For portfolio manager Grant White, who is also lead partner at White Hewson Wealth Advisory Group, August represents a good chance to assess business practices. He believes the summer can offer opportunity when the market slows so he keeps his foot on the gas but recognizes this is also an ideal time for evaluation.

He said: “Most advisors work in their business but never on it. So I take any opportunity I can to work on my business and evaluate what we’re doing and, if we want to make changes, it’s a really good time to do it.”

He added: “The markets certainly slow down. You can see that in the volumes so that can create opportunities as well but for me, I know a lot of advisors start getting sleepy in June and July but I still go pretty hard because our clients are still around.

“But June and July I try to go as hard as I can. August it slows right down and is a really good time to evaluate our business practices, our service offering, to make sure we are up-to-date on things and really ratchet it up to make sure we are ready to go when clients are ready after the September long weekend.”

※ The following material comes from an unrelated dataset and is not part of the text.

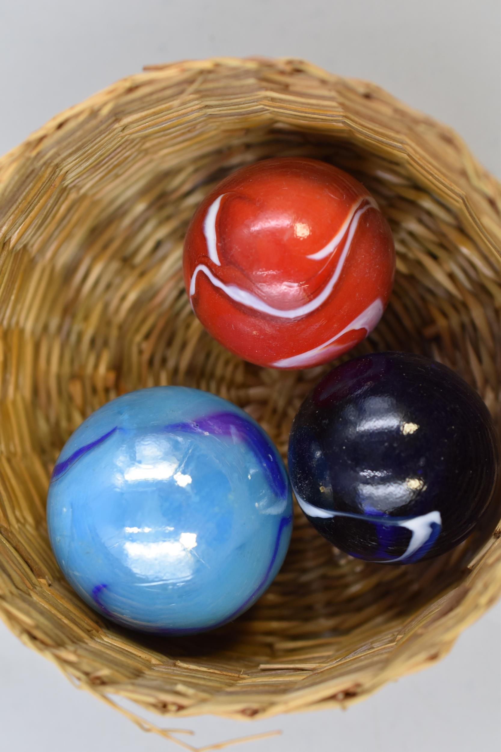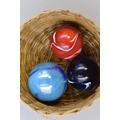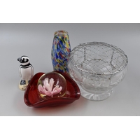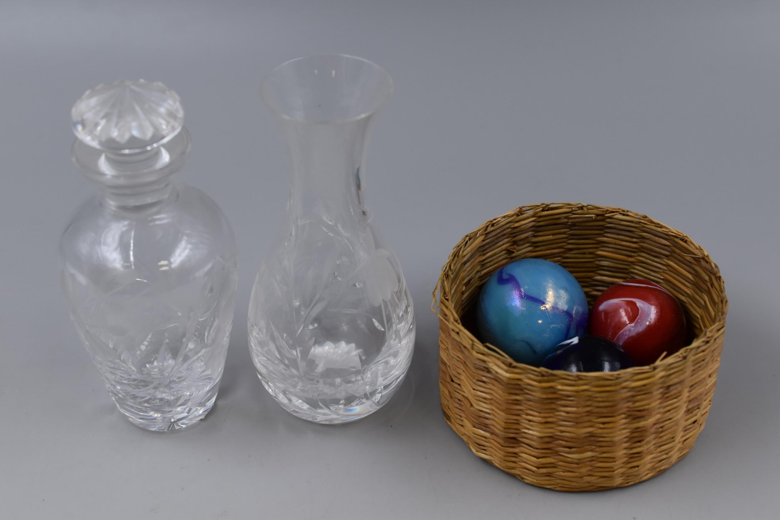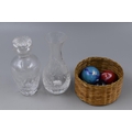 Three Bollies in a Basket and two small eteched Glass Items

On the trading side, Alfred Lee, director, portfolio manager and investment strategist at BMO GAM –Canada, said that while there is little evidence to back up the “Sell in May and Go Away” strategy, now is not the time to get reckless in the markets.

He said: “Investors should note that the current cycle is becoming rather extended. The current economic expansion of 73 months well exceeds the average business cycle expansion, since 1945, of 58.4 months.

“Since the equity markets bottomed out in early March of 2009, the TSX and SPX have gained 177.8% and 388%, on a total return basis, in local returns.

“It can be argued that this economic expansion should have a longer cycle, given the depth of the trough. Furthermore, data still suggests the economic backdrop remains expansionary, particularly in the US.

“While we are not implying that the longer cyclical rally in equities and risk assets is coming to an end, we wanted investors to remember to keep risk in check, as investors commonly throw caution into the wind during the later stages of a market cycle. Investors should instead be looking to safeguard portfolios by slowly increasing their exposure to assets that provide downside protection.”